START Recorded information

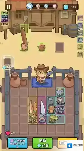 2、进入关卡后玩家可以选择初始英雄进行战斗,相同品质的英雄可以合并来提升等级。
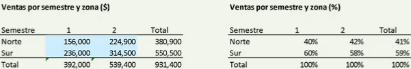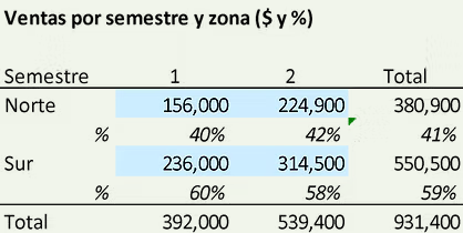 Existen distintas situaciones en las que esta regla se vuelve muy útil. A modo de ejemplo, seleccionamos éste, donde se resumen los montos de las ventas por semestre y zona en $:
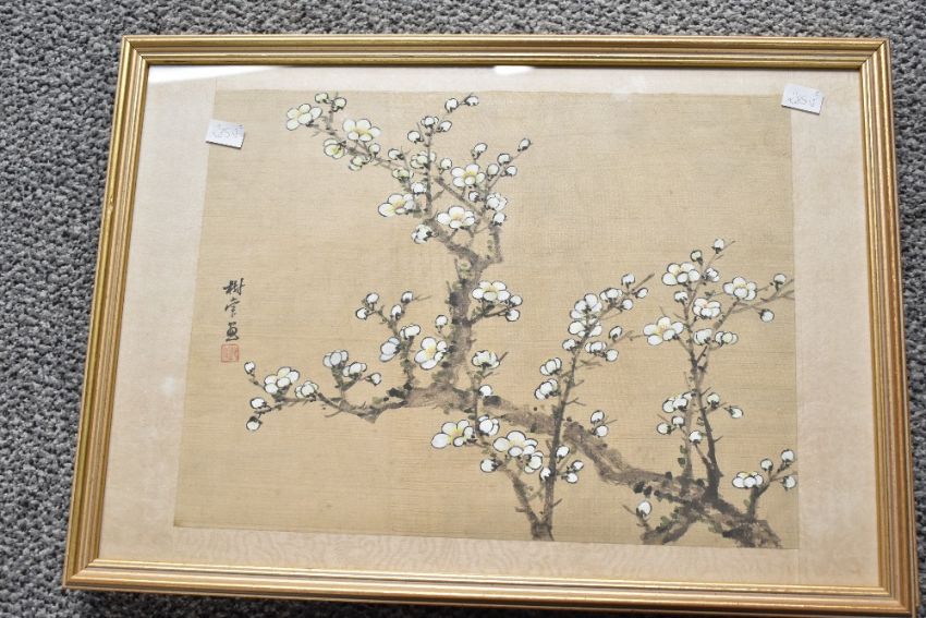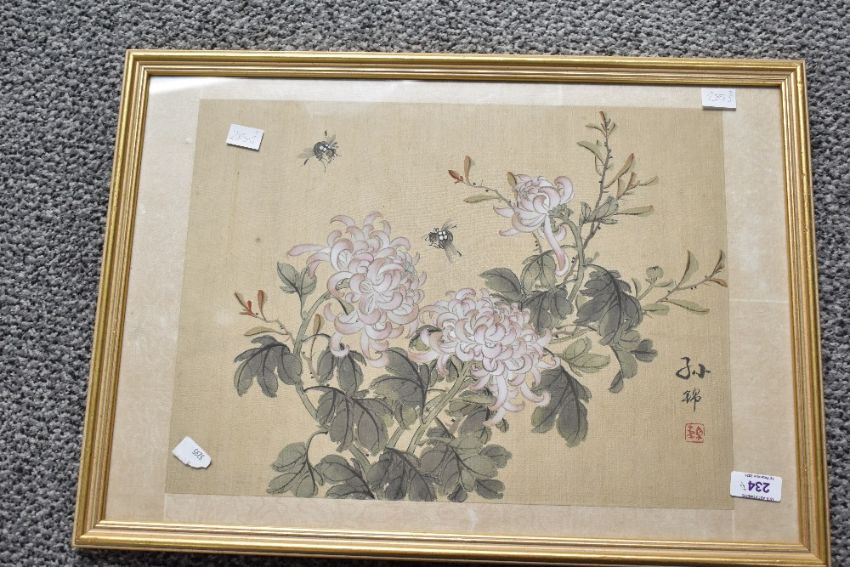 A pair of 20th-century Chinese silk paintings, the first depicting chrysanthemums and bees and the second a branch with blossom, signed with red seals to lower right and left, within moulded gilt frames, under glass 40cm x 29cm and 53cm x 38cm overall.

END Recorded information

### Your objective
Return each line of the data, keeping its wording exact and omitting pictures.

### The answer
 2、进入关卡后玩家可以选择初始英雄进行战斗,相同品质的英雄可以合并来提升等级。
 Existen distintas situaciones en las que esta regla se vuelve muy útil. A modo de ejemplo, seleccionamos éste, donde se resumen los montos de las ventas por semestre y zona en $:
 A pair of 20th-century Chinese silk paintings, the first depicting chrysanthemums and bees and the second a branch with blossom, signed with red seals to lower right and left, within moulded gilt frames, under glass 40cm x 29cm and 53cm x 38cm overall.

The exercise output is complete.